Цовинар: на границе неба и моря
Цовинар расположился на берегу Севана в Мартунинском районе Армении (Гегаркуник). Местные величают озеро не иначе, как море. По утрам пекут хлеб, заботятся о животинке, сажают бесконечные поля картофеля и подсолнуха, пасут коров. А под вечер собираются с окрестностей к «морю» и готовят картошку по-деревенски. Тут любят пошутить, что известный на всю страну мартунинский картофель дороже золота. Никто не осмелится поспорить, потому что в любой шутке есть доля (а иногда и больше!) правды. Но Цовинар – это гораздо больше, чем большая аграрная деревня. Цовинар – это прежде всего люди.
Материал посвящается моим самым родным людям на свете – цовинарцам, их бесконечно огромному сердцу, кропотливому ежедневному труду, гостеприимству, добру и силе духа.
Сохак встает спозаранку.
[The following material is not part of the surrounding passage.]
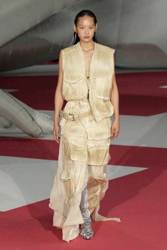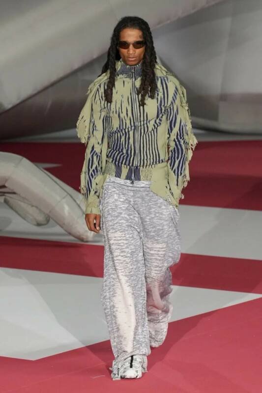 Glenn, gosta de apostar em construções inesperadas, um exemplo, o casaco feito a partir de 15.000 etiquetas envelhecidas e escovadas da Diesel, par de calças jeans estica-se para cima como um espartilho. Também vimos vestidos levemente drapeados com correntes.

Окликнет соседку и пойдет пить к ней кофе. Ежедневный ритуал. После туго-натуго завяжет на лбу цветастый длинный платок и уверенным шагом пойдет в сторону огорода. Тут надо прополоть, здесь удалить с корнем, а там посадить семена подсолнуха. Невестка и внуки в помощь. Сохак с дедом Акопом – старейшины села вместе с Гоар, девяностодвухлетней тоненькой старушкой, помнящей все и всех поименно.
– Им алес, балес? [«Как ты, дитя мое?» на местном диалекте. – Прим. авт.]. Ну-ка рассказывай, как твои дела, как свекровь, хорошо ли к тебе относится? Не злая ли?
– А муж? Муж как поживает? Что он так рано уехал? Мы что, ему совсем не понравились?
Я не успеваю ответить. На кухню заходит дед Акоп. У него хитрый прищур, сухие руки, худая прямая осанка и улыбка на все лицо. Он почти ничего не говорит, но все понимает и помнит, оттого и не задает вопросов.
– Если уедешь и не зайдешь ко мне – обижусь! Стыдно! Что твои скажут? Как это мы тебя без посылки что ли отправим обратно? Нельзя так, неправильно. Это чтоб в следующий раз тебя свекровь вновь пустила, – заверяет бабуля, твердо верующая в фольклорный образ злыдни-свекрови.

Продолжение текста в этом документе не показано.